§ Task description: After locating the line with "先日、『クラウドファンディン" in the entries below, output it and each following line up to and including the line with "委托加工領退料記錄是委托加工", exactly and without pictures.

§ Excerpted data:
■ ■ ■
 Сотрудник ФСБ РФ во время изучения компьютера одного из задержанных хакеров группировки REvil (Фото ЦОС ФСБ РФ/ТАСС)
■ ■ ■
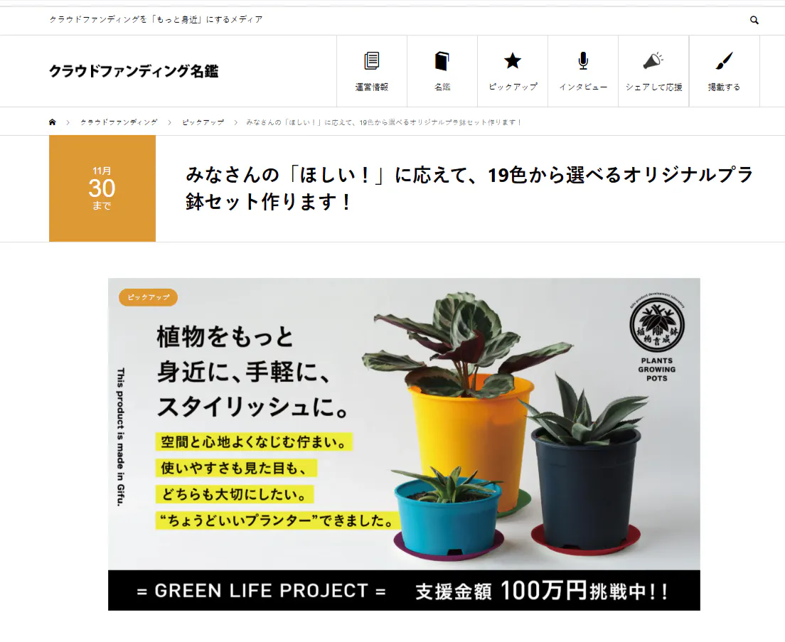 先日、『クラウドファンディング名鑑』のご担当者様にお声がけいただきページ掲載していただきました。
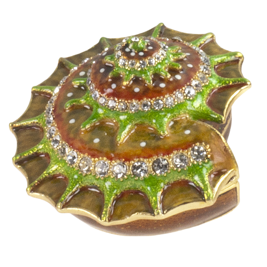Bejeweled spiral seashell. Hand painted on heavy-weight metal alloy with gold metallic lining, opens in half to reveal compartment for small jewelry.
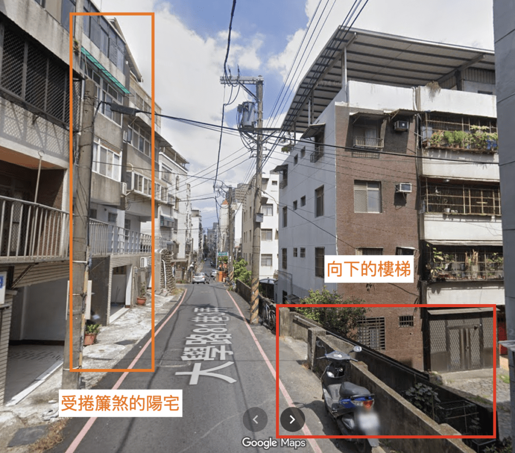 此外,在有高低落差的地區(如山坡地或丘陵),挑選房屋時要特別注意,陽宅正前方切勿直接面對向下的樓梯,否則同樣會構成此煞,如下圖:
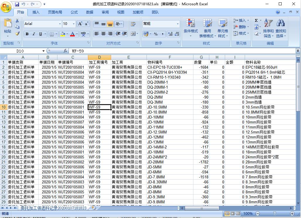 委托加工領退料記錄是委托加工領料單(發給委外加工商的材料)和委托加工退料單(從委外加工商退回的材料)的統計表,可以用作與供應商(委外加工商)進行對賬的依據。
■ ■ ■
§ Response:
 先日、『クラウドファンディング名鑑』のご担当者様にお声がけいただきページ掲載していただきました。
Bejeweled spiral seashell. Hand painted on heavy-weight metal alloy with gold metallic lining, opens in half to reveal compartment for small jewelry.
 此外,在有高低落差的地區(如山坡地或丘陵),挑選房屋時要特別注意,陽宅正前方切勿直接面對向下的樓梯,否則同樣會構成此煞,如下圖:
 委托加工領退料記錄是委托加工領料單(發給委外加工商的材料)和委托加工退料單(從委外加工商退回的材料)的統計表,可以用作與供應商(委外加工商)進行對賬的依據。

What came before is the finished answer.